We put $(x,y)=(t,t/(f(t)-1))$ in $(1)$, and consequently we have $yf(x)=x+y$. Thus we have $f(x)f(yf(x))=f(x+y)$ with $yf(x)=x+y$ and thus $f(yf(x))=f(x+y)>0$. Then $f(t)=f(x)=1$, a contradiction.

Case II: for all $t$ in $\mathbb{R}^+$, $1≥f(t)>0$. Moreover, there is at least one $t$ such that $f(t)=1$.

Then we prove that $f$ is constant. Otherwise, there is another positive real number $r$ such that $f(r)<1$.

We put $(x,y)=(t,kt)$ where $k=1,2,\dotsc$. We have that $f(t)f(ktf(t))=f((k+1)t)$, that is, $f(kt)=f((k+1)t)$. Then $f(kt)=f((k-1)t)=\dotsb=f(t)=1$ for any postive integer $k$.

There is an integer $n$ larger than $r/t$, which means $nt>r$. We put $(x,y)=(r,nt-r)$, and we have $f(r)f((nt-r)f(r))=f(nt)=1$. Thus $f((nt-r)f(r))=1/f(r)>1$, a contradiction.
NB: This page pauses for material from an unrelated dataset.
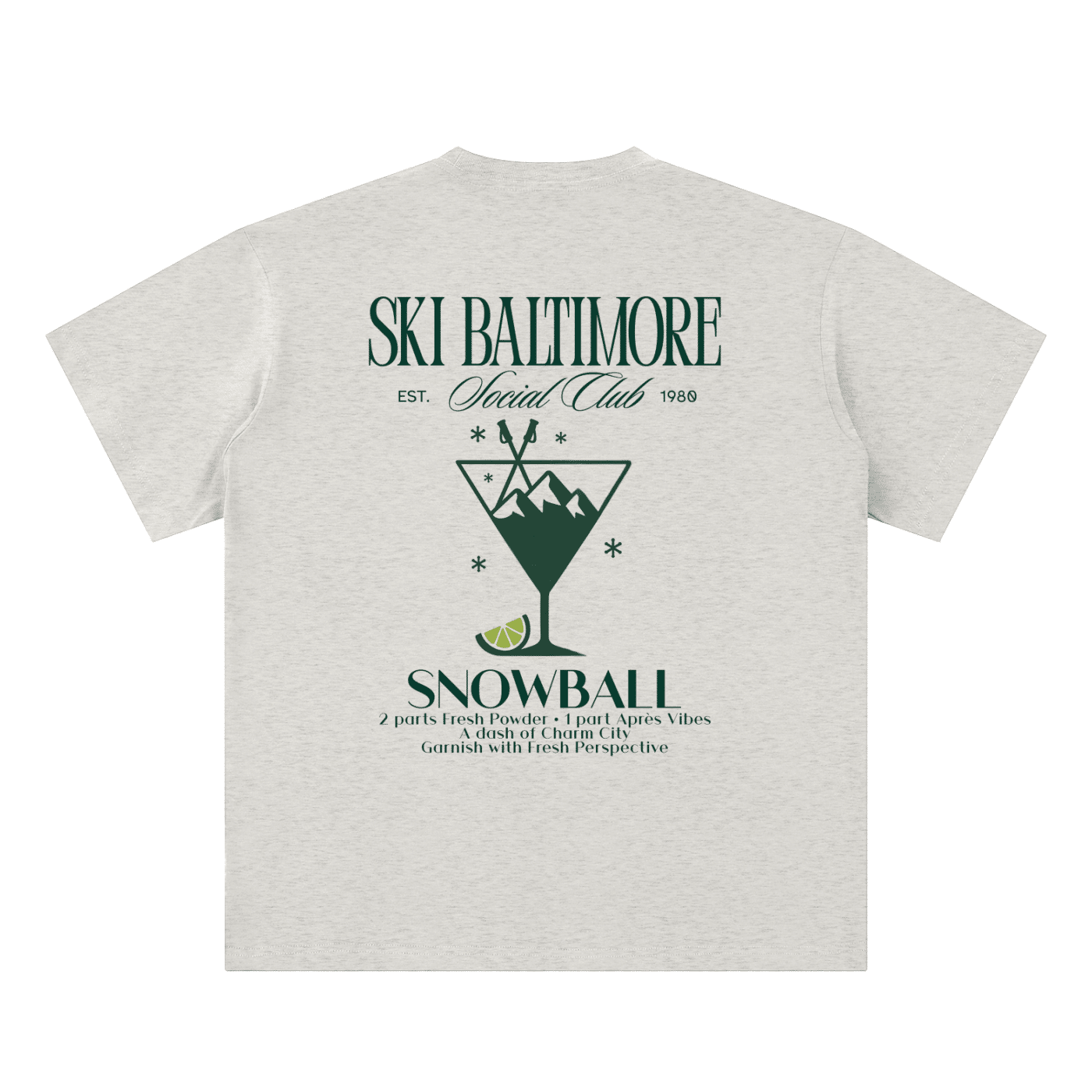 The Snowball Tee blends nostalgic Baltimore flavor with the sophistication of Ski Baltimore’s Social Club aesthetic. Inspired by the city’s signature summer treat, this design turns a local staple into a refined cocktail concept. Made from 100% sueded cotton for an exceptionally smooth hand feel, it features the Ski Baltimore snowflake logo on the front and the “Snowball” cocktail artwork on the back — complete with recipe details and an alpine twist.

Case III: for all $t$ in $\mathbb{R}^+$, $1>f(t)>0$.

Then we prove that $f$ is injective firstly. Otherwise, we will have that $f(u)=f(v)$ with $u>v>0$. Let $(x,y)=(v,u-v)$ in $(1)$, we have $f(v)>f(v)f((u-v)f(v))=f(u)$ (because $1>f((u-v)f(v))>0$), a contradiction.
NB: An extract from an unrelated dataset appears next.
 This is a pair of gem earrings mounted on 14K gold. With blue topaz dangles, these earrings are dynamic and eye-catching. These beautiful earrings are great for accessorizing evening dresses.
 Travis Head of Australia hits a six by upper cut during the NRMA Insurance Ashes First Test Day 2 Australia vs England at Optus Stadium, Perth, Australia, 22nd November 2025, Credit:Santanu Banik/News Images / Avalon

Then, let $x=1$ in $(1)$, we have that (denote $f(1)$ by $c$) $cf(cy)=f(y+1)$. Let $y=1/f(x)$ in $(1)$, we have that $cf(x)=f(x+1/f(x))$. Consider the two equation above, let $y=x/c$, we have that $f(x/c+1)=cf(x)=f(x+1/f(x))$, which, by using that $f$ is injective, means that $x/c+1=x+1/f(x)$ for all $x$. Then we have that $f(x)=1/(ax+1)$ where $a=1/c-1$ is a postive constant. It is easy to substantiate that all functions in this form satisfy the given equation $(1)$.

QED.

Solution 2:

OK, posting this as an answer since it's the most I can figure out at the moment:

If we suppose that $f$ is continuous and furthermore that it has $1$ in its image, then it is constant (and hence $1$ everywhere).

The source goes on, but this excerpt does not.